7話 罠

 死んでいたのはまだ成熟していないヨウセイだ。一匹で行動しているとは考えにくい。近くに親の死骸があるかもしれないと考え、釧路たちは周囲を捜索した。しかし茂みをかきわけても死骸は見つからない。


(親の死骸は持ち去れられたか? 単に見つからないだけか? そもそもここで討たれたとは限らねえ。こいつが別の場所で射られて飛んで逃げてきたって線も……)


「せ、せんぱぁい。もう暗くなってますよ。このままじゃ下山するときは真っ暗で危ないですよぉ」と雪花が不安そうに言う。

「……そうだな」


 ゲツガコウヨウセイは夜行性だ。夜間は昼と比べて行動も活発になるし、周囲の音に対しても敏感になる。捜索しても捕まえることは不可能だ。

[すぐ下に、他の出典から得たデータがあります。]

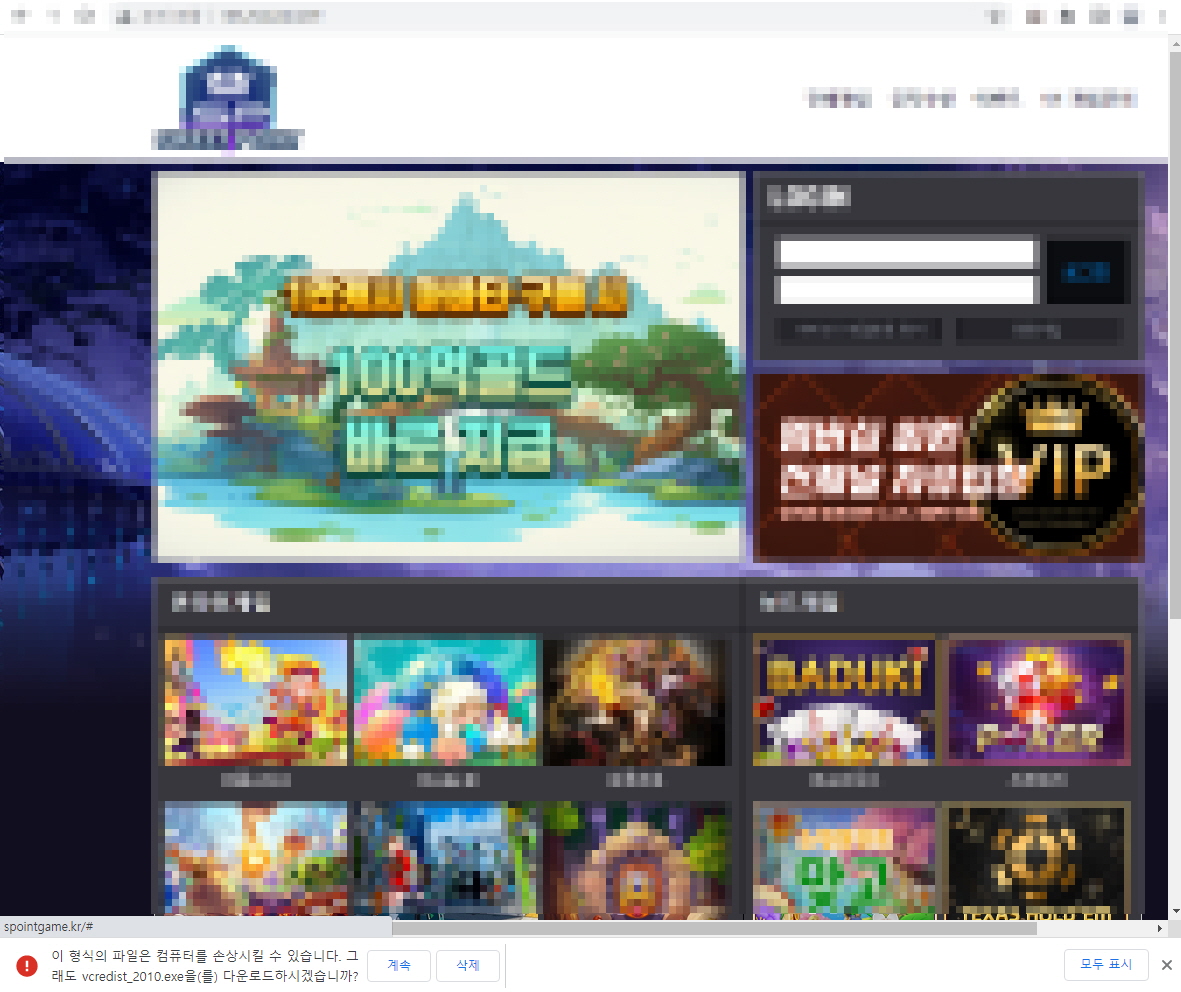 접속 시 자동으로 파일이 다운로드 되는 도박사이트가 발견되어 사용자들의 주의가 필요합니다.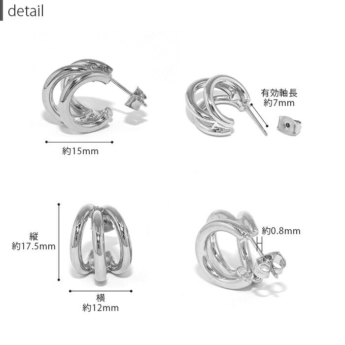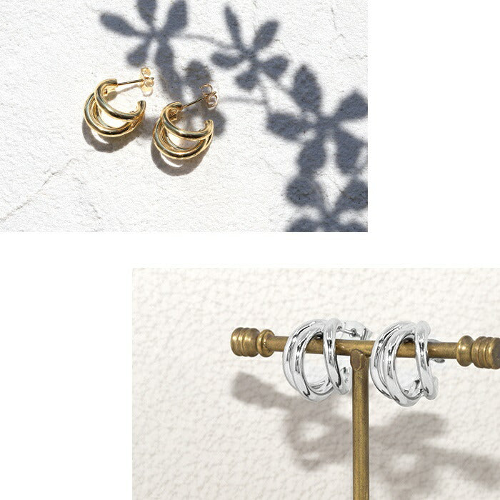【両耳用・2個売り】フープピアス 18kコーティング 3連 ニッケルフリー アクセサリーカテ0017 fp-007

 釧路と雪花は来た道を戻り始めた。前を行く釧路はヘッドライトをつけ、今日のことをぼんやりと考える。一匹も捕まえられなかったが明日もまた来るか? もう完全に越冬期に入ってしまったとしたら捕獲は見込みが薄い。いやそれよりも、ヨウセイに弓を放っているのは誰なのか――。


「きぃ」という小さな鳴き声がどこからか聞こえた。

 

 釧路は思わず足を止め、周囲を見回す。

 か細く甲高い特徴的な鳴き声、聞き間違えるはずがない――。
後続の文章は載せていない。